Group permissions problem

Derek Broughton news at pointerstop.ca
Wed Feb 15 18:59:43 UTC 2006


Al Gordon wrote:

> On 2/15/06, David Mummery <dmummery at accessit.co.uk> wrote:
>> Hi all -
>>
>> I'm setting up a multi-user LTSP environment based on Ubuntu.
>>
>> I need to have shared folders where users can save files e.g. openoffice
>> documents -  that others can then modify.
>>
>> I have set umask = 0002 in /etc/login.defs and in .bash-profile file for
>> a user.
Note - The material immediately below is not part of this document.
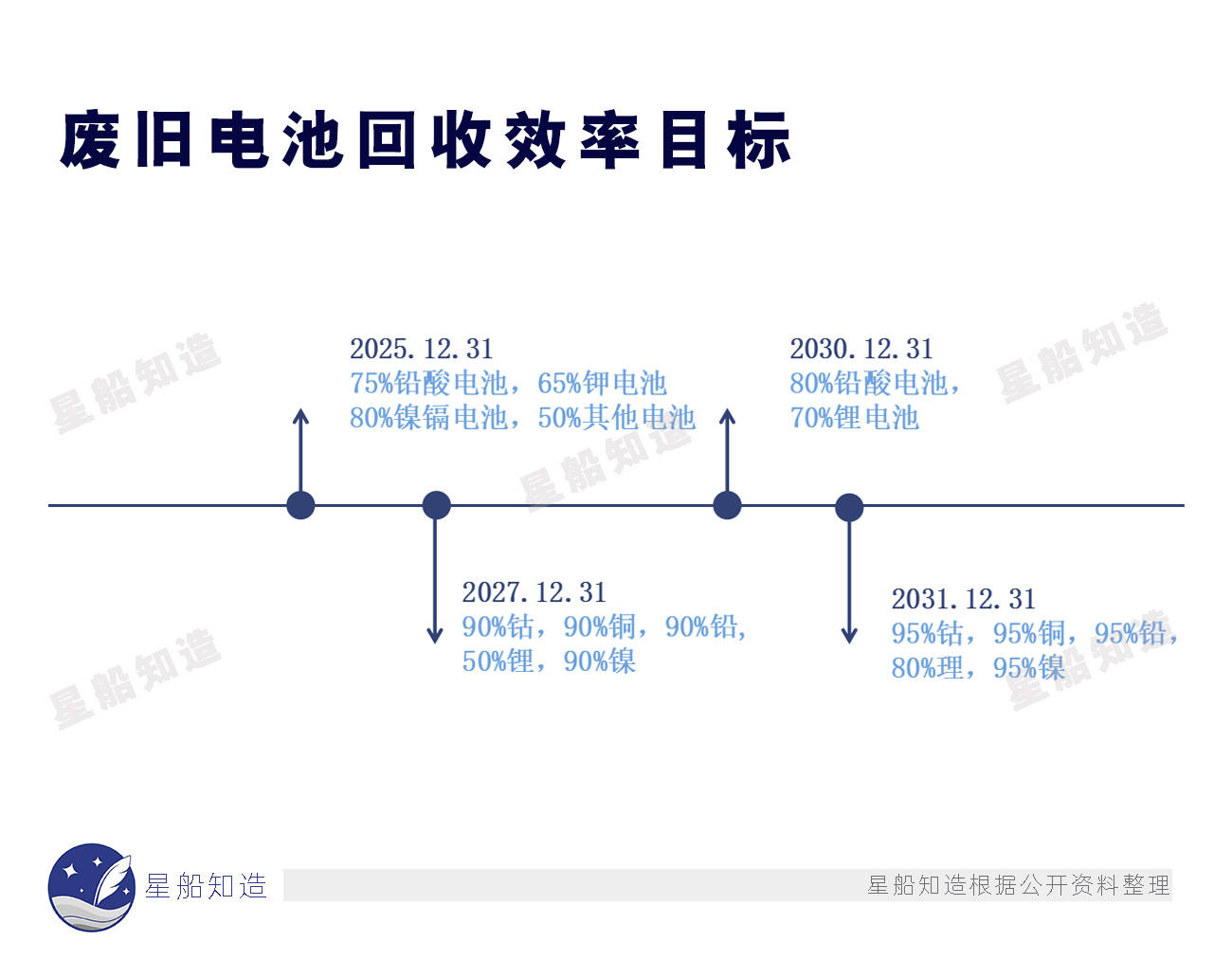 中国当前相关进展:欧盟在电池回收上制定的回收效率目标,与中国锂电回收行业大趋势大致相似。星船知造此前曾写过,国内动力锂电池的退役高峰将在2026年前后降到来,锂电回收产业也将迎来一轮爆发性增长。

Logged out and logged in again.
>>
>> Umask is still 0022 (!)
>>
>> Even if I type umask 0002 in a shell ,and umask does change to 0002, I
>> still do not create files in openoffice with group read/write
>> permissions.
>>
>> Any ideas?
>>
>> David
> 
> I'm seeing similar problems on a network that I do a bit of admin'ing
> on.  The problem existed when the users were running SuSE, and
> continues with Ubuntu.  I'd love to know what the answer ends up
> being.  I think it has something to do with umask being (re)set when
> starting X.
> 
> If you create files from the command line after setting umask 0002, by
> using 'touch,' or whatever, do they have the permissions that you
> expect?

Check the user's .bash_profile - mine contains the lines:

# the default umask is set in /etc/login.defs
#umask 022

which rather implies that somewhere, on this or a previous distro's
installation, umask 022 used to be set by default.